Significant hardship and distress linked to difficulties experienced with migration and employment as registered nurses (RNs) are the experience of many migrant nurses arriving in New Zealand. This is especially true for those from developing countries and those for whom English is a second language.

A recent NZNO anonymous survey of overseas-trained nurses set out to examine the issues and map the extent of the experiences reported anecdotally. The target population excluded those from English language-speaking countries and Pacific Island nurses, for whom many of the immigration issues were felt to be different. The aim was to understand the scope and scale of problems facing other migrant nurses and to highlight the current and long-term implications for health care services in this country.

New Zealand's health workforce is among the most mobile in the developed world, with one of the highest proportion of migrant nurses of all Organisation of Economic Co-operation and Development (OECD) countries. Rates of New Zealand-trained nurses emigrating to other OECD countries are also high. (1) Though exact numbers are hard to define, estimates of overseas-trained nurses working as RNs in New Zealand range from 7698 out of 33,123 (or 23.2 percent), as defined by the 2006 census, to 11,319 out of 41,276 (or 27 percent) of total RNs, as defined by the Nursing Council. (2) Last year, overseas-trained nurses comprised 59 percent of all new Nursing Council registrations. Migrants, therefore, represent a significant contribution to the New Zealand nursing workforce.
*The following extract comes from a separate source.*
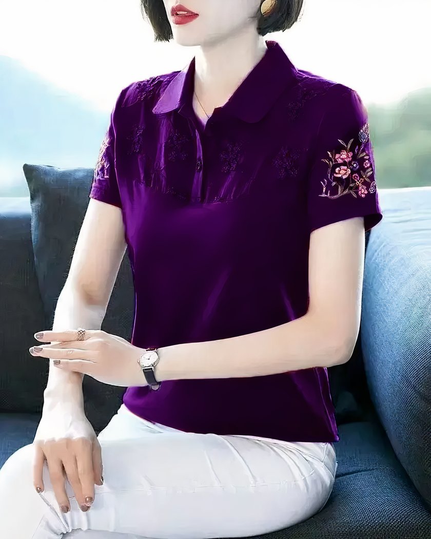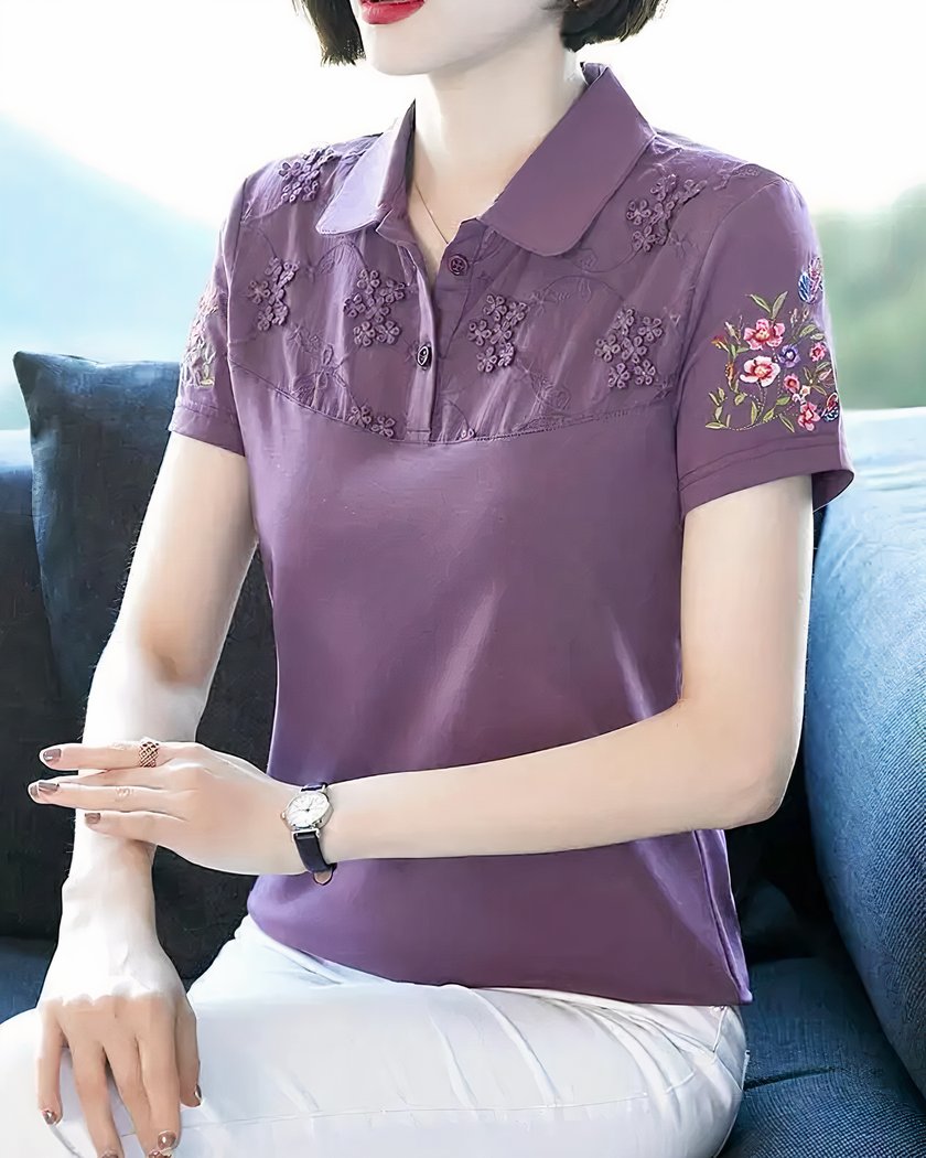 Ce polo femme chic empiècement brodé fleurs comporte une broderie en relief 3D sur l'empiècement : cette broderie ton sur ton représente des fleurs en forme de flocon. Sur les manches, on trouve une broderie colorée de jolies fleurs ressemblant à des pensées. Les six couleurs que nous vous proposons sont parfaitement raccord avec le style du polo et renforcent son look rétro chic.

A 2007 paper by University of Auckland researcher Nicola North describes the changing patterns of nurse emmigration and imigration, highlighting the large changes in the origins, destinations and numbers of migrating nurses that New Zealand has experienced over the last decade in particular. (3) Despite nearly a decade of calls for better workforce data, both internationally and nationally, information systems are inadequate for policy analysis and decision making. (4) In the face of rapid change, such deficits may make workforce planning more complex and inadequate.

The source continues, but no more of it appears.